[Collection entries]

━━━━━━━━━━━━━━━━━━━━

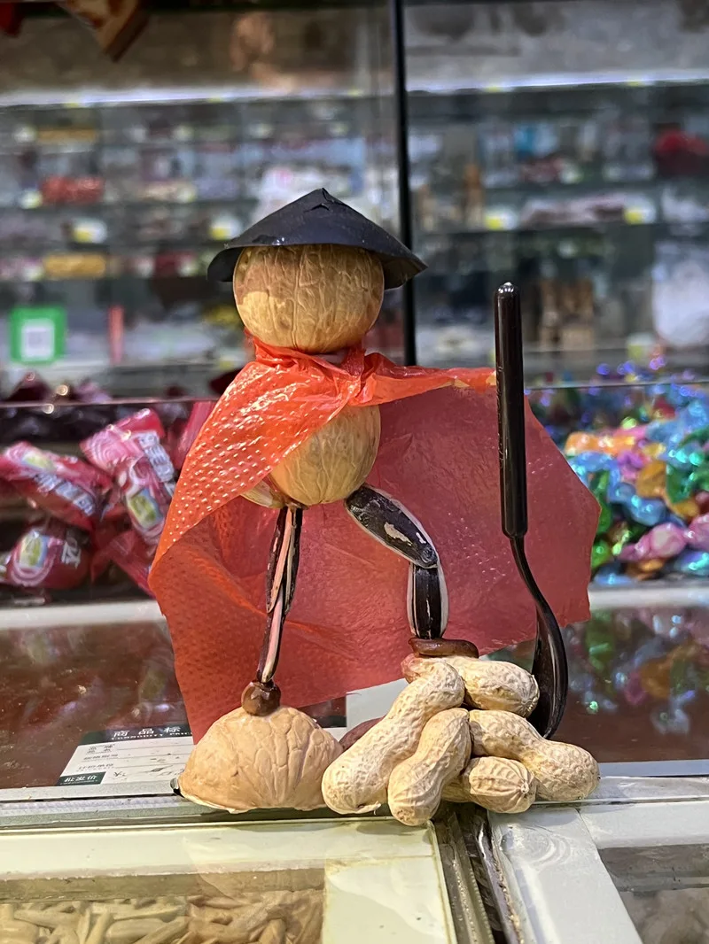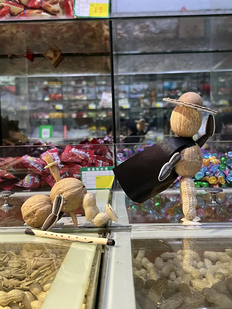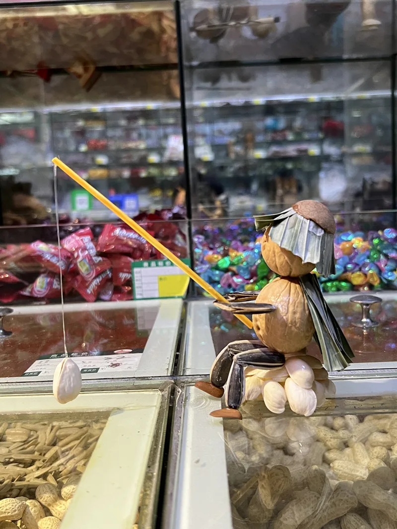 在瑞安市锦湖路上,一家炒货店显得与众不同,柜台上摆起一排排由炒货制作而成的“手办”,有头顶核桃、身披红色塑料袋的“大侠”,有用吸管垂钓开心果的“钓鱼佬”,还有瓜子跪地求婚的“情侣”……
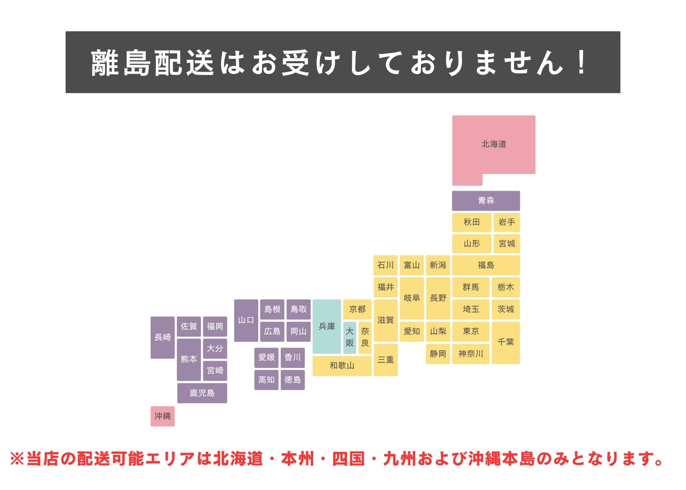 当店では北海道・本州・四国・九州および沖縄本島を除く場所へのお届けをお断りしております。何卒ご了承くださいませ。
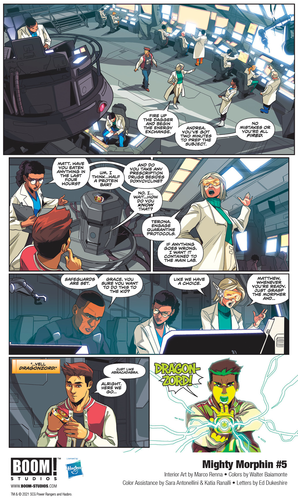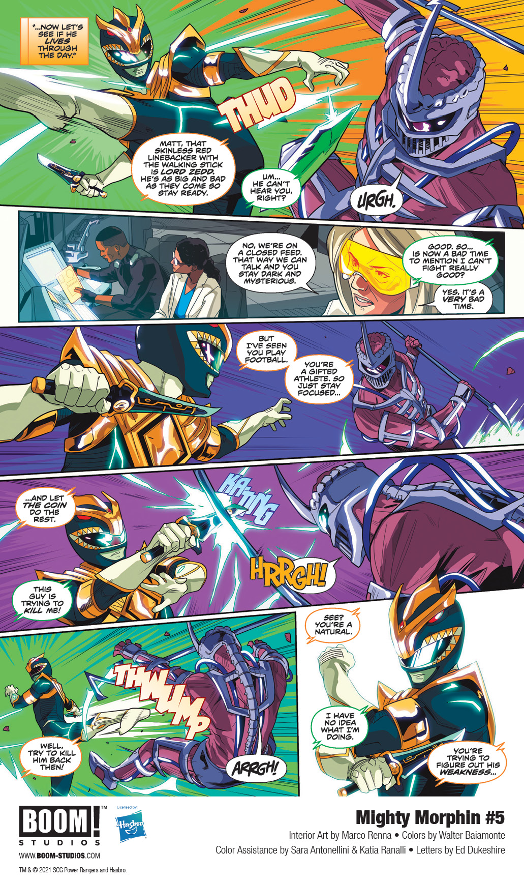 BOOM! Studios, under license by Hasbro, Inc. (NASDAQ: HAS), revealed a first look at MIGHTY MORPHIN #5, from writer Ryan Parrott (Mighty Morphin Power Rangers/Teenage Mutant Ninja Turtles), artist Marco Renna, colorist Walter Baiamonte with assistance by Katia Ranalli and Sara Antonellini, and letterer Ed Dukeshire, the exciting next issue in the ERA OF UNLIMITED POWER.
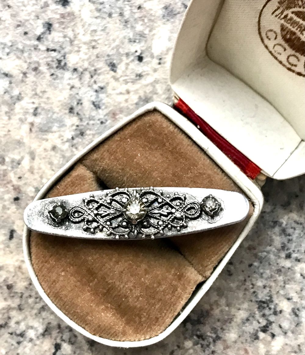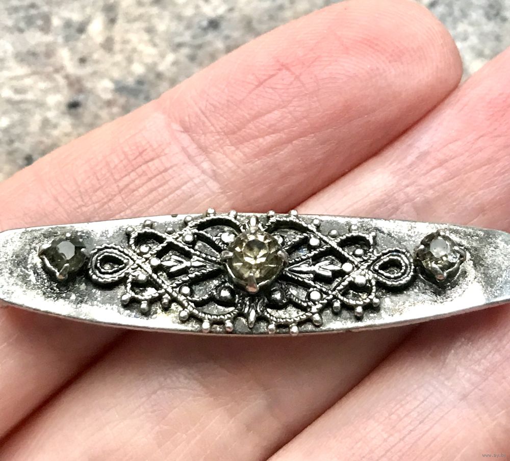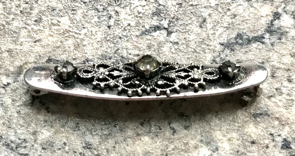 Небольшая винтажная брошь из металла с серебрением, лицевая сторона украшена вставками из кристаллов дымчатого цвета (имеются небольшие скольчики на боковых вставках), на замке отсутствует фиксатор, но брошь и без него держится на ткани. Размер 4,5х1см. Все нюансы учтены в цене.
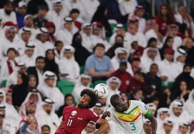Tình huống tranh chấp bóng giữa Akram Afif (Qatar) và Kalidou Koulibaly (Senegal).
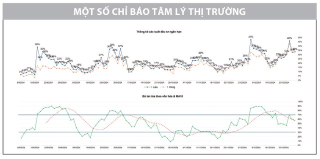 Dựa trên các chỉ báo định lượng, hiện tượng trên là bình thường do hệ quả của áp lực chốt lời ngắn hạn cũng như sự mở rộng đà tăng nhanh trên toàn thị trường dẫn tới điểm mua mới bị hạn chế trong khi thanh khoản chưa tăng mạnh đồng thuận. Theo đó, khi dòng tiền bị co kéo, sự phân hóa và dịch chuyển giữa các nhóm cổ phiếu sẽ tiếp tục mạnh hơn trong tuần tới, các vị thế mua mới cần siết chặt hơn với các quyết định mở vị thế mới nếu không đảm bảo yếu tố nền giá chặt chẽ và dư địa tăng đủ hấp dẫn.
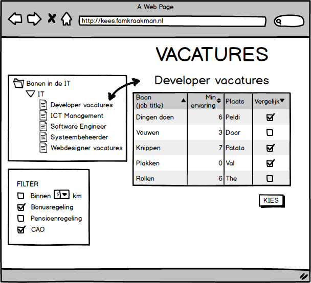 Vacatures worden makkelijk te browsen weergegeven.Zo kan een werkzoekende rustig door de pagina scrollen en interessante vacatures aanvinken om ze later in één keer met elkaar te vergelijken.
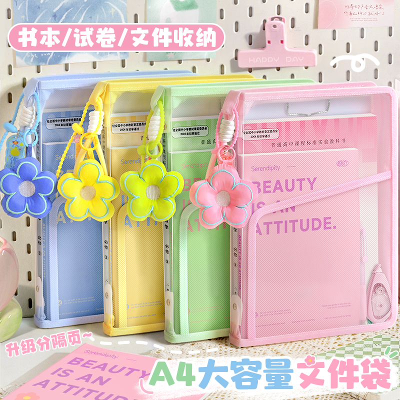 文件袋拉链式高颜值L型透明科目分类袋小学生学科书本试卷收纳袋手提大容量作业补习袋初中生专用a4试卷夹
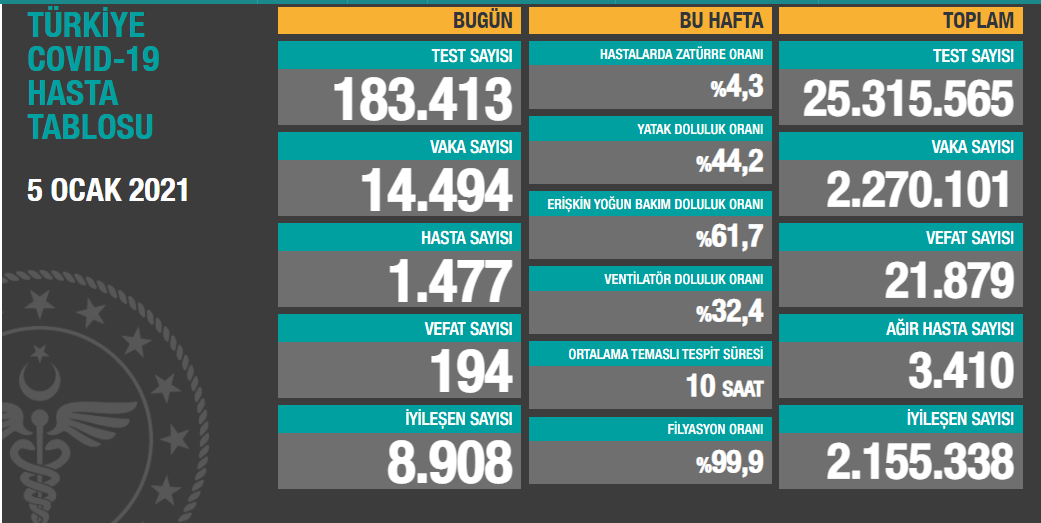 Türkiye'nin 5 Ocak 2021 güncel koronavirüs tablosu şöyle:

━━━━━━━━━━━━━━━━━━━━

**DIRECTIONS FOR THIS TASK**
Leave the pictures out, and copy exactly each line from the one containing "BOOM! Studios, under" through the final line of the data.

**TASK RESPONSE**
 BOOM! Studios, under license by Hasbro, Inc. (NASDAQ: HAS), revealed a first look at MIGHTY MORPHIN #5, from writer Ryan Parrott (Mighty Morphin Power Rangers/Teenage Mutant Ninja Turtles), artist Marco Renna, colorist Walter Baiamonte with assistance by Katia Ranalli and Sara Antonellini, and letterer Ed Dukeshire, the exciting next issue in the ERA OF UNLIMITED POWER.
 Небольшая винтажная брошь из металла с серебрением, лицевая сторона украшена вставками из кристаллов дымчатого цвета (имеются небольшие скольчики на боковых вставках), на замке отсутствует фиксатор, но брошь и без него держится на ткани. Размер 4,5х1см. Все нюансы учтены в цене.
Tình huống tranh chấp bóng giữa Akram Afif (Qatar) và Kalidou Koulibaly (Senegal).
 Dựa trên các chỉ báo định lượng, hiện tượng trên là bình thường do hệ quả của áp lực chốt lời ngắn hạn cũng như sự mở rộng đà tăng nhanh trên toàn thị trường dẫn tới điểm mua mới bị hạn chế trong khi thanh khoản chưa tăng mạnh đồng thuận. Theo đó, khi dòng tiền bị co kéo, sự phân hóa và dịch chuyển giữa các nhóm cổ phiếu sẽ tiếp tục mạnh hơn trong tuần tới, các vị thế mua mới cần siết chặt hơn với các quyết định mở vị thế mới nếu không đảm bảo yếu tố nền giá chặt chẽ và dư địa tăng đủ hấp dẫn.
 Vacatures worden makkelijk te browsen weergegeven.Zo kan een werkzoekende rustig door de pagina scrollen en interessante vacatures aanvinken om ze later in één keer met elkaar te vergelijken.
 文件袋拉链式高颜值L型透明科目分类袋小学生学科书本试卷收纳袋手提大容量作业补习袋初中生专用a4试卷夹
 Türkiye'nin 5 Ocak 2021 güncel koronavirüs tablosu şöyle:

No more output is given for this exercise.